The attractive part of IPS is what the content store approach does for repositories and for package updates. If files are the same between two versions of a package (or between multiple packages), the repository only needs to store one copy and the package update or install process can detect that you already have the needed file installed already. This mimics the practical behavior of Solaris 10 patches, which only included changed files (as opposed to the Linux approach, where changing just one file in a package causes you to re-issue an entire second copy of the whole package).
(This also minimizes what needs to be digitally signed. Much as in git, you don't need to digitally sign the files themselves, just the package index data. The all-in-one Linux package format means that you generally need to sign and verify large blobs of data.)
The bad part of IPS is what it does to downloading and storing packages. As far as I know, files are downloaded from IPS repositories in the same way that they're stored; you ask for them one by one and they then dribble in bit by bit. As we've learned the hard way, this is not a great way to do things on the modern Internet (or in general) because each separate fetch requires a new connection (or at least a new request) and that has various consequences.
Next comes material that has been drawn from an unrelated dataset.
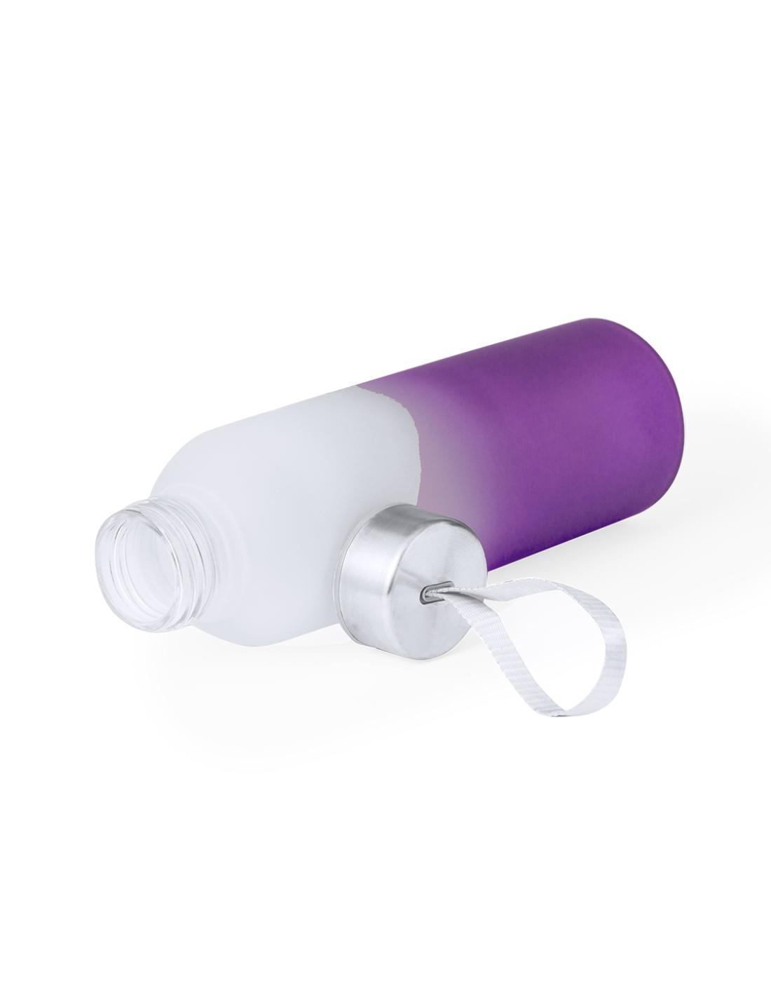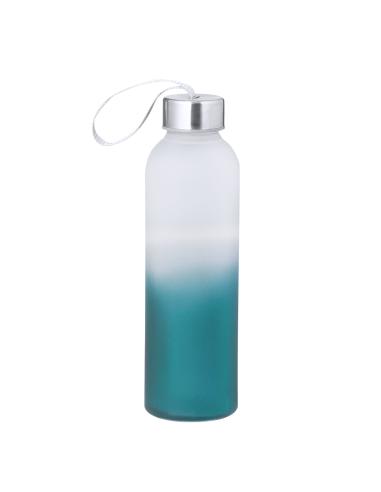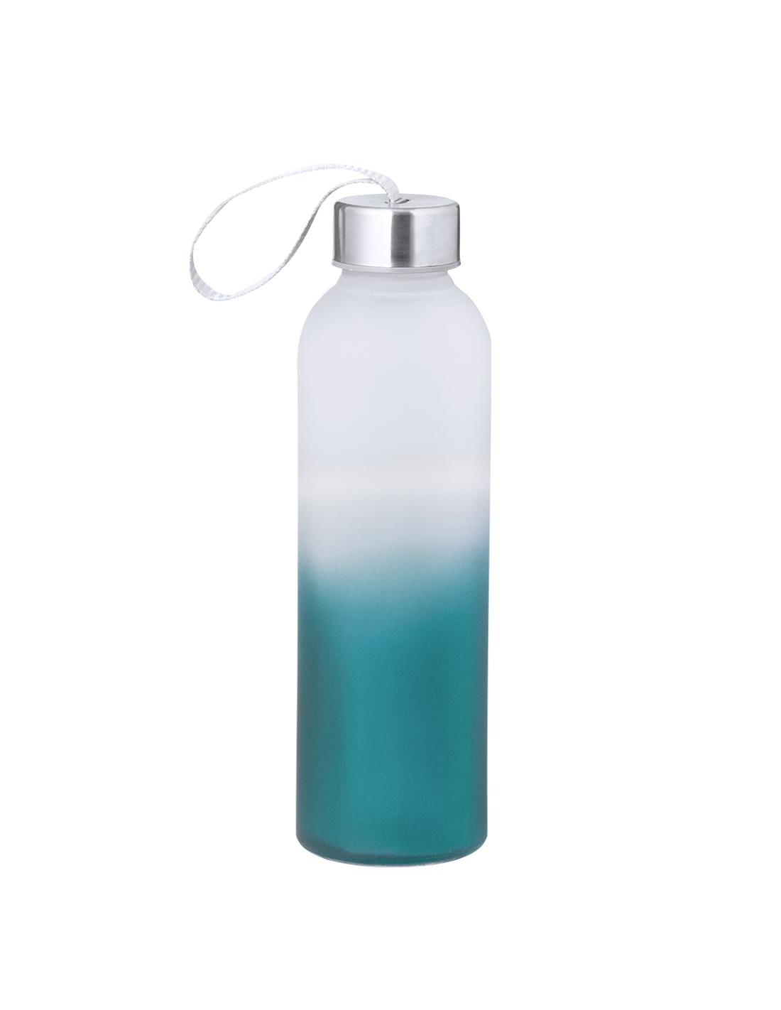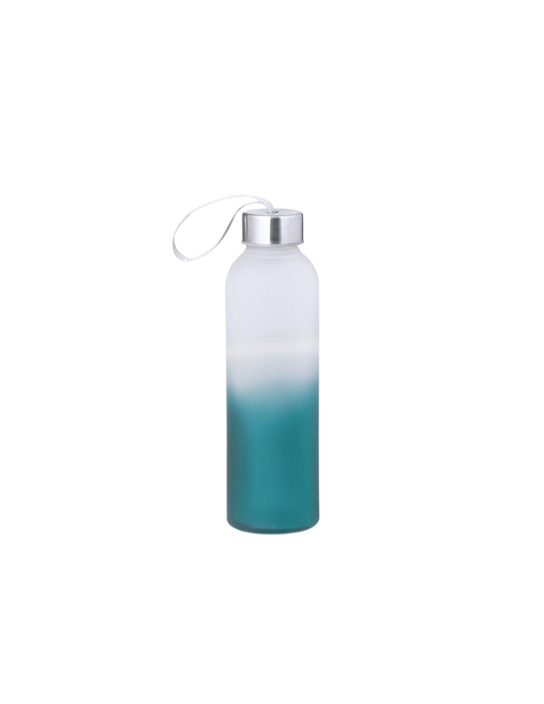 Bidón de cristal y acero inox con 500 ml de capacidad. Original diseño degradado de color blanco translúcido a diversos colores mate. Tapón de rosca con sellado perfecto con correa para su fácil transporte. Presentado individualmente en caja de diseño kraft.

(IPS packages are normally fetched over HTTP or HTTPS but I don't know if the IPS client and server are smart enough to take advantage of HTTP connection reuse.)
I'm also not enthused about how this makes package repositories harder to manage and exposes them to subtle forms of breakage (such as a file that's listed in package manifests but not present in the repository). Pruning old packages is now necessarily a whole-repository operation, since you can't just remove their files without seeing if any other package uses them.
I suspect that Sun developed IPS this way to preserve the small sizes and small installation changes of Solaris 10 patches (which transfer and install only the changed files instead of the whole package). I prefer the simpler approach of Linux packages (and I note that Linux package updates themselves can optimize both transfer size and install time actions).